KTU Library virtual exhibition

If you wish to use the photographs published in the exhibitions, please write a free-form request to the Director of the KTU Library and obtain her permission.

Kaunas in Old Photographs (3–4th Decades of the 20th Century)

From the History of Photography

In 1839 Paris, the possibility of capturing an image on a silver plate called a daguerreotype1 was announced. A month later, photography was introduced in Lithuania, and the photos of Verkiai Palace were taken in the summer.

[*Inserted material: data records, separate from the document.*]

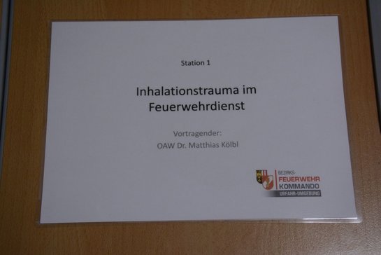 Einen interessanten Vortrag gestalteten Bezirks-Feuerwehrarzt BFA Dr. Christian Wiesinger mit Unterstützung des Roten Kreuz und des Arbeitersamariterbund über Frühdefibrillation und Reanimation. Bei weiteren Stationen wurde in einem Vortrag von OAW Dr. Matthias Kölbl das Inhalationstrauma im Feuerwehrdienst verständlich dargestellt. Die letzte Station wurde von Stellvertreter des Bezirks-Polizeikommandanten Oberstleutnant Erwin Pilgersdorfer über Suchaktionen nach vermissten Personen – Richtige Planung und Vorgehensweise unterrichtet.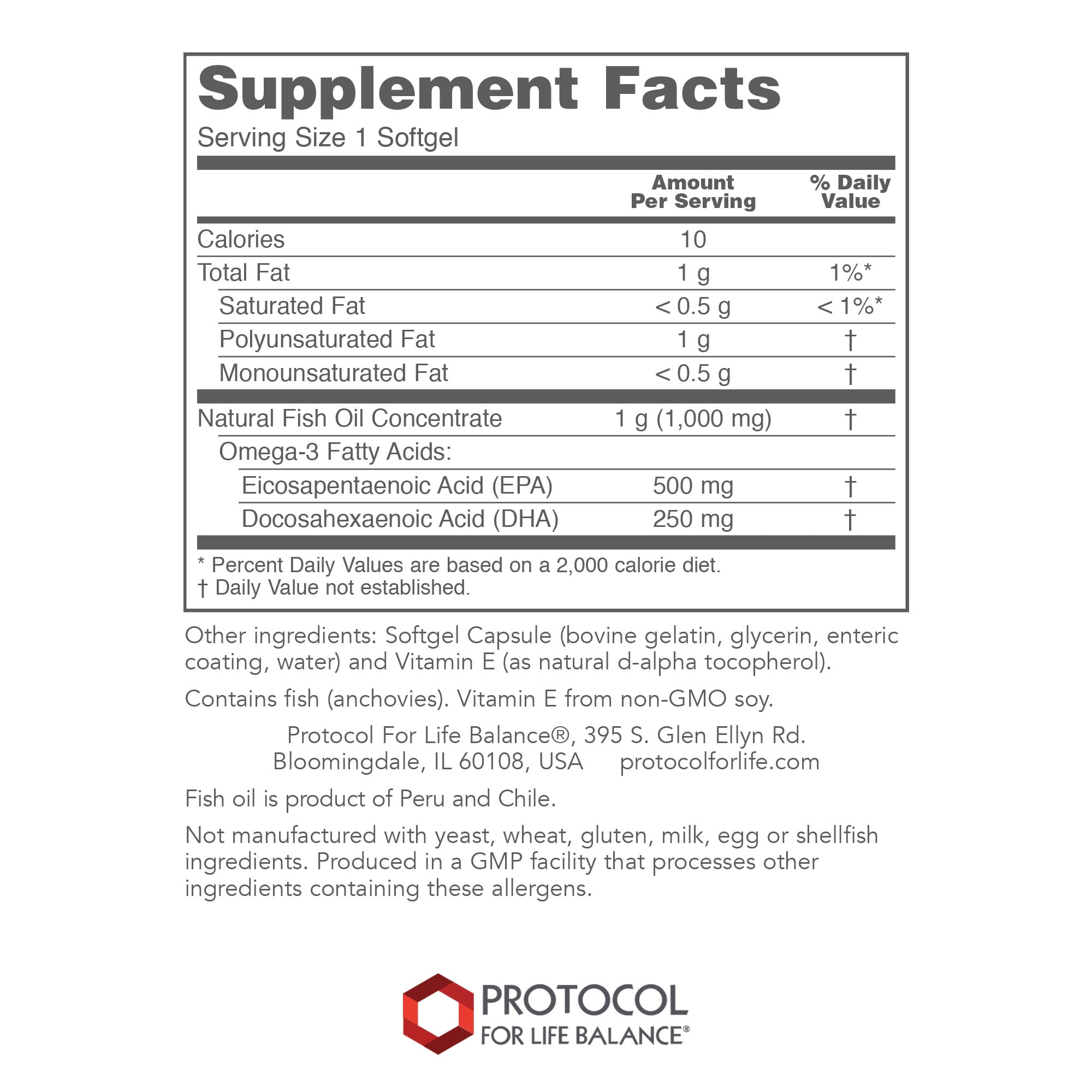 Protocol Ultra Omega-3 Fish Oil DHA 500, EPA 250 – Brain Support – 90 Softgels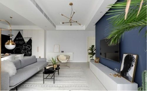 整面墙灰霾蓝刷漆,配合纯白长条电视柜素净,金色饰品灯具画龙点睛。
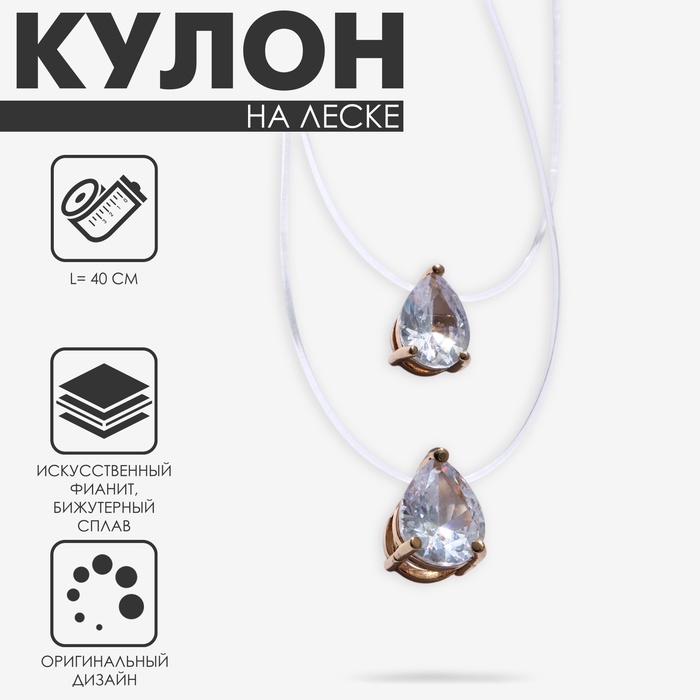Кулон на леске «Двойная слеза», белый в золоте, 40 см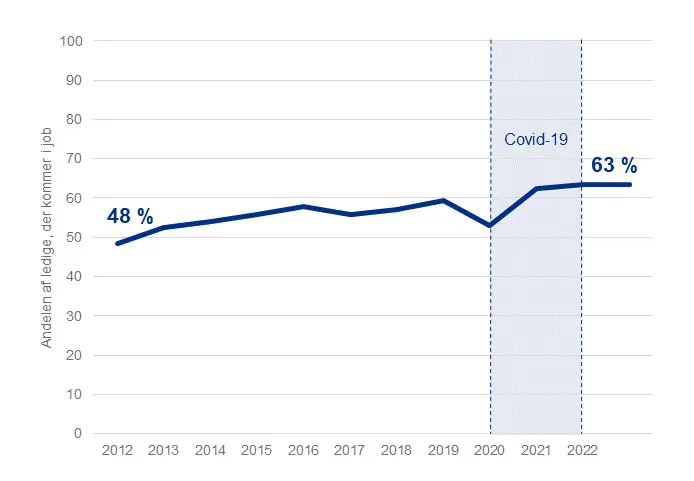 I den første uge af 2022 var der knap 93.000 ledige på det danske arbejdsmarked. I løbet af året kom cirka 59.000 af dem i job. Det svarer til 63 procent, hvilket er den højeste andel af ledige, der er kommet i job i løbet af et år siden 2012, jf. figur 1.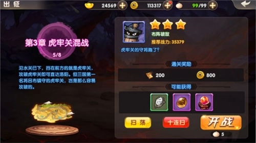 出征获取的资源包括:武将碎片、突破石这类用于英雄强化的资源;铜钱、主角经验、武将经验这类用于升级的资源;装备强化图纸、装备碎片、统率石、勇武石以及各类装备强化所需的资源。
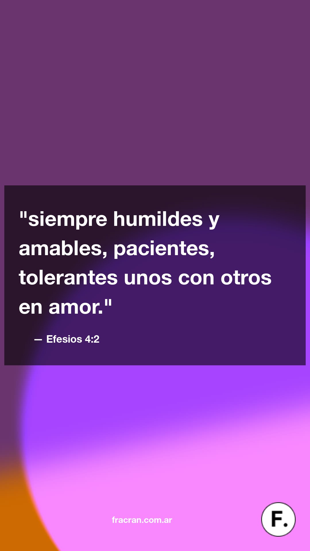 siempre humildes y amables, pacientes, tolerantes unos con otros en amor.

In 1918, after Lithuania’s declaration of independence, Kaunas became a centre of photography. After the First World War there were only three photographers left in Kaunas, but every year the number of photographers grew, and photography studios began to appear not only in the city centre, but also in Šančiai, Vilijampolė and Žaliakalnis districts. In 1922 there were 16 photography studios in Kaunas, and by the end of the 1930s there were about 50 workshops that were competing against amateur photographers2.

Probably the most creative studio photographer at that time was Karlas Baulas. Around 1926 he moved to Kaunas and set up a workshop in Šančiai, and later on Laisvės Avenue he worked at the “Economic Soldiers’ Company Photo Studio”, and at his own photography studio. According to photography historian Virgilijus Juodakis, Baulas had thoroughly studied the portraits painted by the old masters of art, their composition, lighting, hand position, which led to his understanding that similarity in a portrait is only half of the work, and that it still requires ingenuity, imagination, and the ability to see objects and phenomena in a unique way. The photographer used to say that “the client is clay and has to be kneaded”3.

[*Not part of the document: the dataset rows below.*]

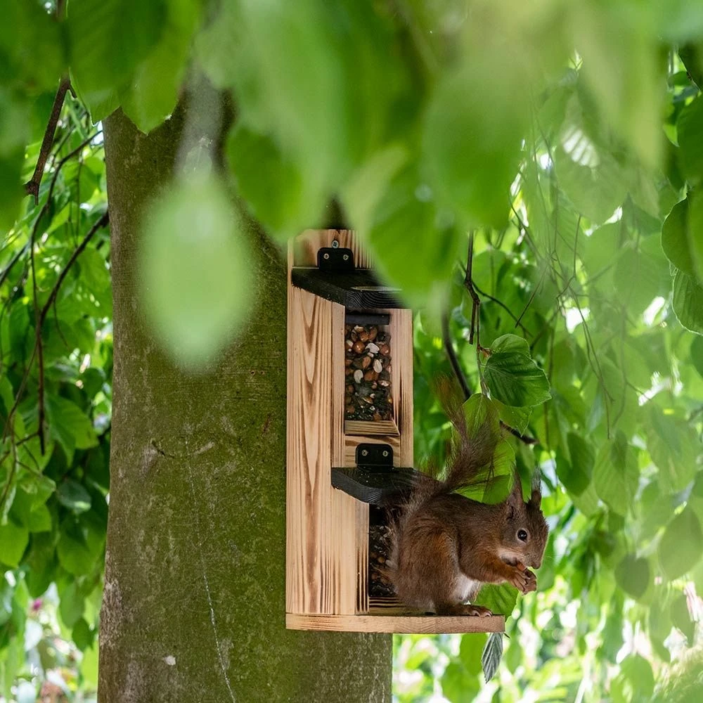 Der Eichhörnchen-Futterautomat „Gabriola“ hat doppelt so viel Fassungsvermögen wie andere Eichhörnchen-Futterautomaten in unserem Sortiment. Durch die obere Öffnung wird der Futterautomat befüllt; die Eichhörnchen fressen normalerweise aus der unteren Öffnung. Doch wer weiß, welche akrobatischen Kapriolen sie vollführen, um sich aus der oberen Öffnung zu bedienen? Befüllen Sie den Futterautomaten mit Pinienkernen, Nüssen oder der Eichhörnchen-Futtermischung von Vivara und freuen Sie sich über die Eichhörnchen, die sich das Futter schmecken lassen.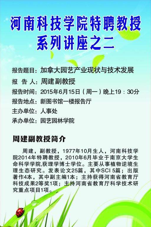 河南科技學院特聘教授系列講座之二:加拿大園藝產業現狀與技術發展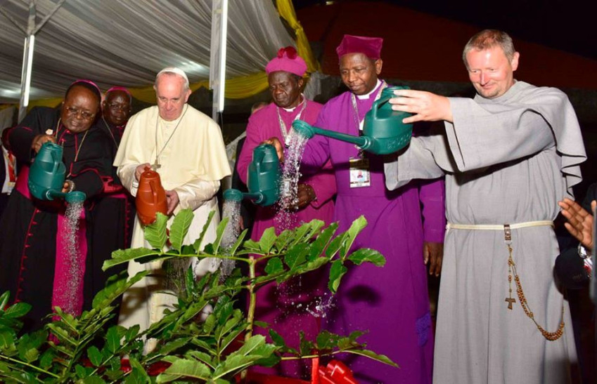 Ferenc pápa Munyonyóban megáldotta az új templom alapkövét, majd a kegyhely gondozását végző ferences rendház előtt találkozott a hitoktatókkal, tanítókkal és tanárokkal. Beszédében emlékeztetett arra, hogy Jézus nemcsak apostolokat és pásztorokat adott egyházának, hanem tanítókat is, hogy építsék az egyház testét hitben és szeretetben.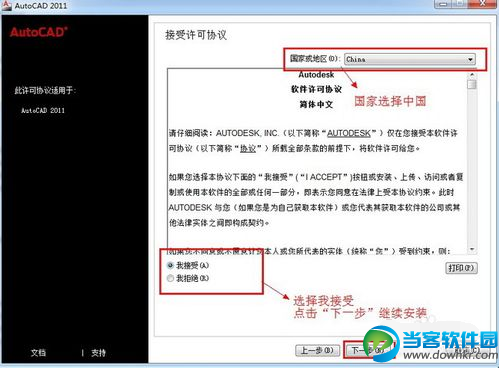 6、CAD2011 64位中文版的许可协议界面,在国家或地区栏里选择“China” 点击“我接受”在点击“下一步”继续安装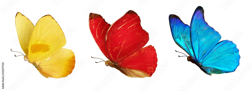 Obraz Set of beautiful blue, yellow and red butterflies. Cymothoe excelsa isolated on white background. Butterfly Nymphalidae and Butterfly Phoebis philea with spread wings and in flight.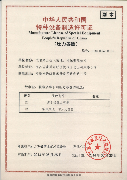 日前,艾伯納三圣(南通)環(huán)保有限公司順利取得了由江蘇省質(zhì)量技術(shù)監(jiān)督局頒發(fā)的《中華人民共和國(guó)特種設(shè)備制造許可證》。獲準(zhǔn)從事D1(第Ⅰ類壓力容器)、D2(第Ⅱ類低、中壓力容器)的制造,標(biāo)志著艾伯納三圣壓力容器生產(chǎn)的正式開(kāi)始。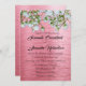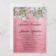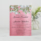 Um convite de casamento metálico rosa, moderno, com aspecto industrial, com um arranjo floral mais tradicional de rosas brancas ao longo da borda superior. Este convite de casamento cor-de-rosa contemporâneo serviria a um casamento com temas mais industriais, especialmente um realizado num local urbano.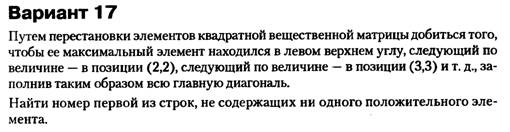 1231. Семинар 4. Двумерные массивы. Вариант 17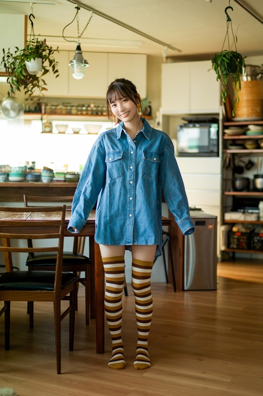 意外な発見もあったようで「カメラマンさんに、その動きゆらゆらだけの独特な動きだよね!って自分で気づかなかった癖を見つけていただいてびっくりしました、、、。思い返してみるといままでたくさんしていたし、前回のヤンジャンの誌面でもしていた気がします!(笑) 腕を体の後ろから回して?反対の手首を掴むってゆう、文字にすると難しい動きをよくしちゃってるみたいです!(笑)ぜひみつけてみてください!」と語りかけた。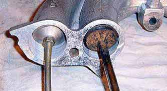 Теперь берём трубку(стержень)с прорезью на конце,в прорезь вставляем наждачку и обматываем вокруг стержня,и начинаем шлифовку каналов ГБЦ. Пришла очередь впускного и выпускного коллекторов,с ними поступаем аналогично ГБЦ.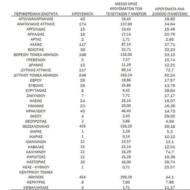 Δείτε αναλυτικά πώς κατανέμονται τα κρούσματα γεωγραφικά σύμφωνα με όσα ανακοίνωσε σήμερα ο ΕΟΔΥ: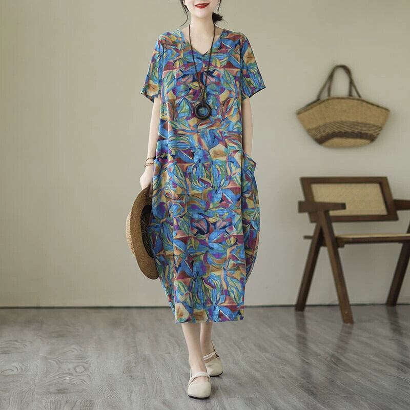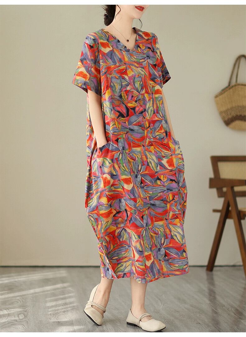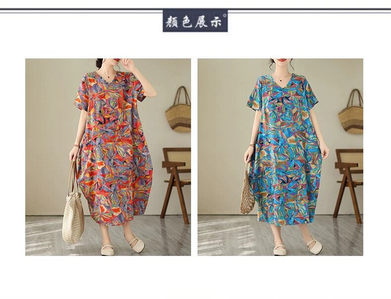モールのビッグネームがキャビネットから撤退エスニックスタイルの綿とリネンのドレス女性のレトロな油絵プリントリネンミドル丈スカート コットン sine57962313855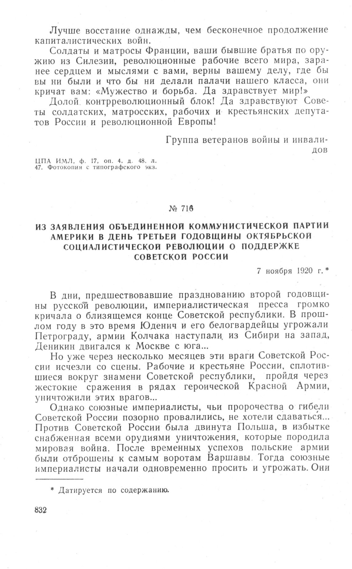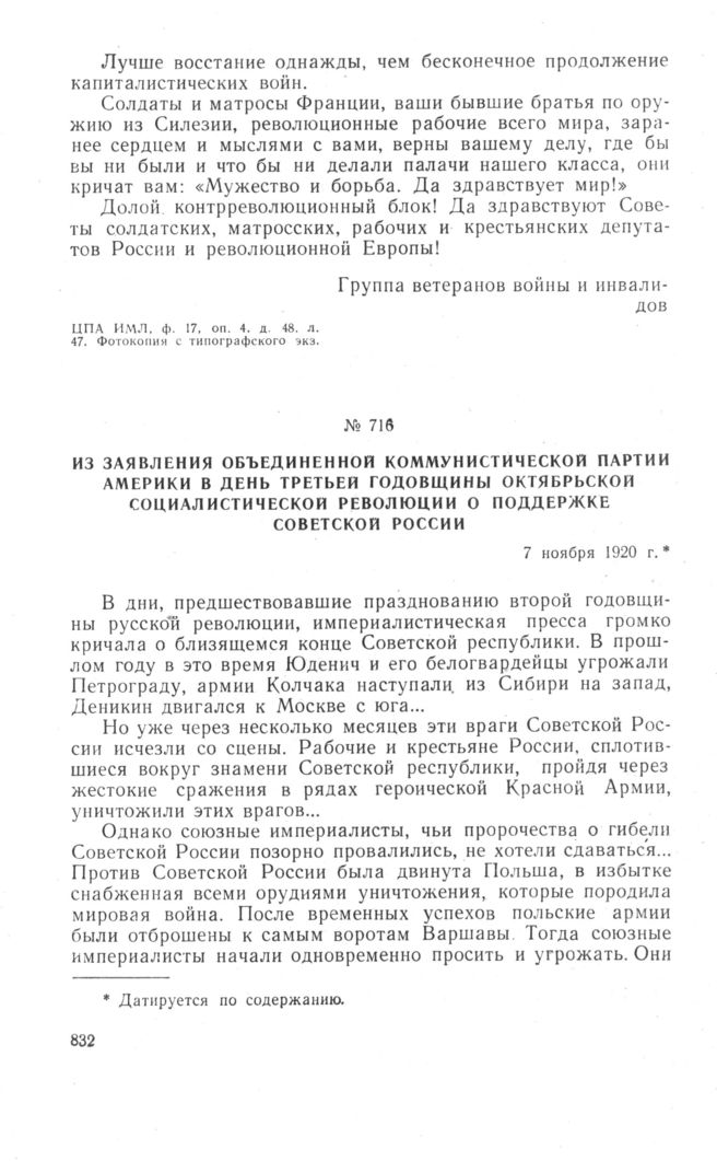Из заявления Объединенной Коммунистической партии Америки в день третьей годовщины Октябрьской социалистической революции о поддержке Советской России. 7 ноября 1920 г.

In 1922, contacts between the press and photography intensified. The number of photographs in the press increased when zincographies from “Ostra” and “Grafika” printing houses began to appear in Kaunas, “and in particular, from 1929 to 1930, when the “Spindulys” printing house got its own zincography print.”4 In terms of information, photography has been attempted to be made equivalent to the text, as several photographs have been used to create photo-narratives.5 Organisation of photography exhibitions was an important step. In 1932, photographer, writer, journalist and educator Petras Babickas organised the first personal exhibition of artistic photography in Lithuania. He exhibited over 300 photographs at the Showroom of the Society of Independent Artists. Around 2,000 photography enthusiasts visited the exhibition6.

Photographs in the KTU Library7

The Stock of Rare Books contains around 11,000 photographs from the first half of the 19th and 20th centuries. Most of the photographs from the 3rd and 4th decades of the 20th century are portraits, but there are also images of cities and nature. Various views of Kaunas are captured in more than 200 photographs.

Located at the confluence of two rivers, Kaunas was famous for its 14th century castle, port and Old Town. The photographs were usually of important landmarks, their construction or special events.

Many of the photographs capture images of the floods of 1926, 1931 and 1946. The overflowing Nemunas water reached not only the buildings along the coast, but also the city’s main streets. The most affected were the Church of Vytautas the Great and the streets on the bank of the Nemunas river. Water was also a threat to Marvelė on the other side of the Nemunas. Neris was causing trouble just like Nemunas: Bridge of Petras Vileišis was rebuilt several times after the pieces of ice were constantly flowing in the river, during the spring. Sandbags protecting buildings from rising river water were a commonly captured sight.

Some of the photographs show buildings that were important, but have not survived to this day.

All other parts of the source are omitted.